Пров взглянул на манометр, довольно хмыкнул и потянул за свисающий с потолка шнур.
Ту-у-у-у-у! Пронзительный гудок резанул воздух, распугивая ворон.
Вскоре мы выехали на Лиговку.
— Эй, бродяги! — крикнул машинист сквозь грохот. — Скоро Знаменская площадь! Там конечная!
— Нам раньше! — заорал я. — У Свечного притормози!

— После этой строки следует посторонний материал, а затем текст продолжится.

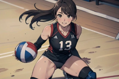 masterpiece, best quality, high definition images, atmospheric perspective, expressive eyes, perfect face, ultra detailed, intricate detailed, (solo, 1mature woman, female volleyball player, red and black volleyball uniform, sleeveles, brown semi short hair, elbow pad, knee pad, smile, open mouth, sweaty, crawling down and open legs on floor, stretching body, focus ass, panties line, shoot from behind and below, in volleyball court),,

Пров Игнатыч тут же начал прикрывать регулятор. Лязг стал глуше, ход замедлился.
— Сейчас! — гаркнул он. — Валите, пока ход малый!
Мы не стали ждать. Свечной переулок был рядом — тут рядом как раз и находилась свалка желчного старикана-старьевщика.
Сначала на улицу полетел мешок со свинцом, взбив облако пыли на обочине. За ним второй, третий. Потом посыпались мы. Я прыгнул, спружинив ногами. Рядом соскочили Штырь, затем приземлились и Сивый с Кременем. Паровик, набирая ход, обдал нас напоследок клубами пара и сажи и удалился в сторону вокзала. А мы, чумазые, как черти, с пудами свинца в мешках, остались стоять на твердой земле. Оставалось превратить этот свинец в звонкое серебро.
— Ух, чертяка… — выдохнул Сивый, отплевываясь черной слюной. — Ну и адская же повозка!
— Поднимай мешки, — скомандовал я, отряхиваясь. — Деньга близко. Теперь самое главное — не продешевить.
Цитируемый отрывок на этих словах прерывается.